7. Heat oil in a large skillet over medium heat. Add vegetables and cook, stirring occasionally, until softened, about 8 minutes. Add flour and cook, stirring, for 1 minute. Add milk and bring to a boil, stirring, until thickened, about 4 minutes. Remove from heat. Stir in mayonnaise, tuna, cheese and parsley (or basil). Season with lemon juice, salt and pepper.
8. Gently mix reserved noodles into tuna mixture and spoon into prepared baking dish. Sprinkle with reserved pine nuts.
9. Bake casserole for 20 to 30 minutes, or until bubbling. Let stand for 5 minutes before serving.

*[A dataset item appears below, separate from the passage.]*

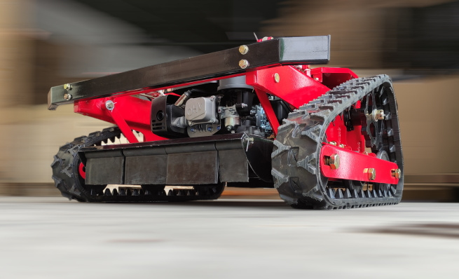 Robot został wyposażony w nóż napędzany silnikiem spalinowym ,oraz posiada zasięg pilota sterującego do 400m co niezwykle ułatwia pracę w terenie. Gąsienice są napędzane silnikiem elektrycznym ,a akumulator ładuje się w trakcie pracy. Dodatkową zaletą tego urządzenia jest mała wysokość ,oraz zerowy promień skrętu co mimo swojego rozmiaru czyni go bardzo zwrotnym. Te zalety tworzą idealną maszynę do koszenia pod niskimi konstrukcjami jak np. farmy fotowoltaiczne. Robot spalinowy JFRC55S nadaje się również do koszenia wysokich zarośli ,oraz posiada elektrycznie opuszczany dek tnący.

NUTRITION INFORMATION: Per serving: 390 calories; 20 g fat (5 g sat, 4 g mono); 55 mg cholesterol; 32 g carbohydrate; 23 g protein; 4 g fiber; 462 mg sodium; 263 mg potassium.
Nutrition Bonus: Vitamin C (48% daily value), Selenium (43% dv), Calcium & Vitamin A (23% dv).
2 Carbohydrate Servings
Exchanges: 1 1/2 starch, 1/2 low-fat milk, 1 vegetable, 2 lean meat, 2 1/2 fat
MAKE AHEAD TIP: Prepare through Step 8. Cover and refrigerate for up to 2 days.